In the summer of 1896, when he was 20 years old, he visited Cos Cob for a class in outdoor painting. While there, he fell in love with Emma Constant Holley, the daughter of the owner of the Holley House, where artists usually stayed during their summer seasons at the community. MacRae continued living in New York City and coming to Cos Cob to take classes from co-founder John Henry Twachtman. He moved to the Holley House in 1899, and married Emma on October 17, 1900. She gave birth to twin girls, Constant and Clarissa, on October 31, 1904.

MacRae lived at Holley House for the duration of his career. He succeeded Twachtman as head the Cos Cob colony, and for two decades Elmer and Emma continued to run the boardinghouse, which served to host artists and writers while also serving as a studio and showcase for MacRae's works. Elmer MacRae was a committed suffragist and donated one of his paintings to support the Greenwich Equal Suffrage League. He also designed the badge for the National Junior Suffrage Corps.

He died on April 2, 1953, in Cos Cob.

== Artistic career ==

MacRae was primarily a realist painter influenced by impressionism and Japonism in his early work. His wife and two daughters were frequent subjects for his works, as well as floral studies and landscapes inspired by the Cos Cob area.

His floral studies in particular showcase techniques and stylistic choices popular in Japan. MacRae learned Japanese-style brushwork from Genjiro Yeto, a Japanese artist and fellow student who frequented the Cos Cob art colony. He was encouraged to pursue flowers as a subject by his wife, who was known as a talented authority on the art of flower arrangement.

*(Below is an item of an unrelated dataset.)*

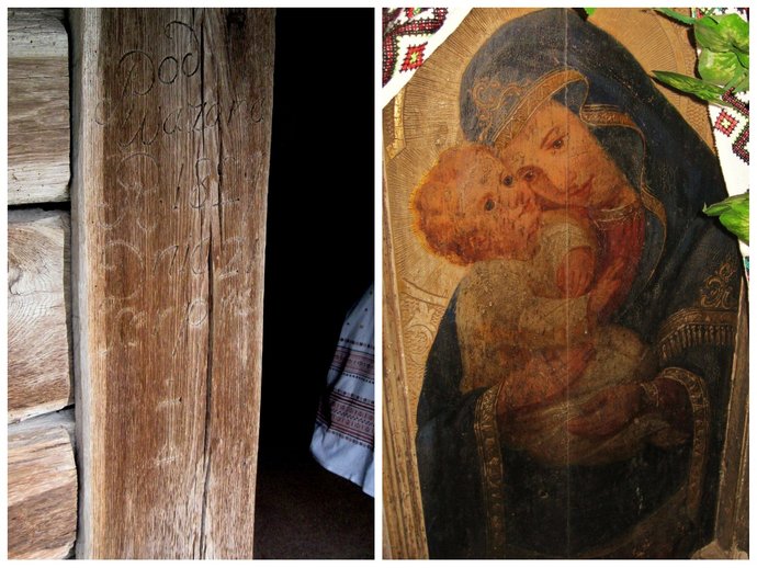 Запис на одвірку церкви та ікона Божої Матері. Загір’я Зборівське

In 1910, MacRae joined the group of artists known as the Pastellists. In 1911, he became part of the American Association of Painters and Sculptors (AAPS), the group responsible for planning the 1913 Armory Show exhibition. He served as the Association's treasurer.

The modernism that came to prominence after the Armory Show made an impact on MacRae's style. By 1915, his work shows a movement away from impressionism and towards modernism, as his preferred subject of flowers became simplified, with stronger shapes and bolder colors.

MacRae exhibited in New York and Connecticut throughout his career; a posthumous retrospective of his work was held at the Milch Gallery in New York City in 1959.